Patients with ypT0N0 rectal cancer can achieve excellent long-term outcomes; however, positive lymph nodes or tumor deposits can still be found in 13.6% of ypT0 patients. Nodal positivity in the mesorectum and perioperative BT are independent risk factors for recurrence.

摘要

目的

对于接受新辅助放化疗(NCRT)治疗的局部晚期直肠癌患者,已提出原发性肿瘤的显著病理反应可用于识别器官保留的候选者。然而,这并未涉及直肠系膜中的转移性淋巴结。本研究的目的是评估接受NCRT和根治性切除的ypT0患者中淋巴结转移的发生率,并探索与生存相关的危险因素。

方法

这是一项对2005年至2014年在中国一家三级医疗中心接受NCRT和根治性切除术后的ypT0直肠癌患者的回顾性研究。

结果

共有60例(18.6%)接受NCRT后手术并达到ypT0的患者纳入本研究;1例患者因缺乏随访而被排除。

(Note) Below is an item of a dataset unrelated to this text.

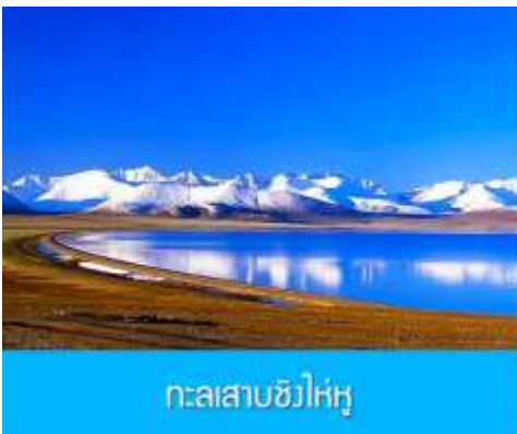
ทะเลสาบชิงไห่หู

在这59例患者中,8例(13.6%)患者的直肠系膜中发现有淋巴结转移(ypT0N+)。中位随访52个月后,ypN0患者的5年无复发生存率(82.7%对62.5%,P=0.014)和总生存率(OS)(90.9%对70.0%,P=0.032)远高于ypN+患者。多因素分析显示,ypN+状态(P=0.009)和围手术期输血(BT)(P=0.001)是与复发显著相关的独立危险因素;然而,没有因素与5年OS相关。

结论

ypT0N0直肠癌患者可获得优异的长期预后;然而,仍有13.6%的ypT0患者可发现阳性淋巴结或肿瘤沉积物。直肠系膜淋巴结阳性和围手术期BT是复发的独立危险因素。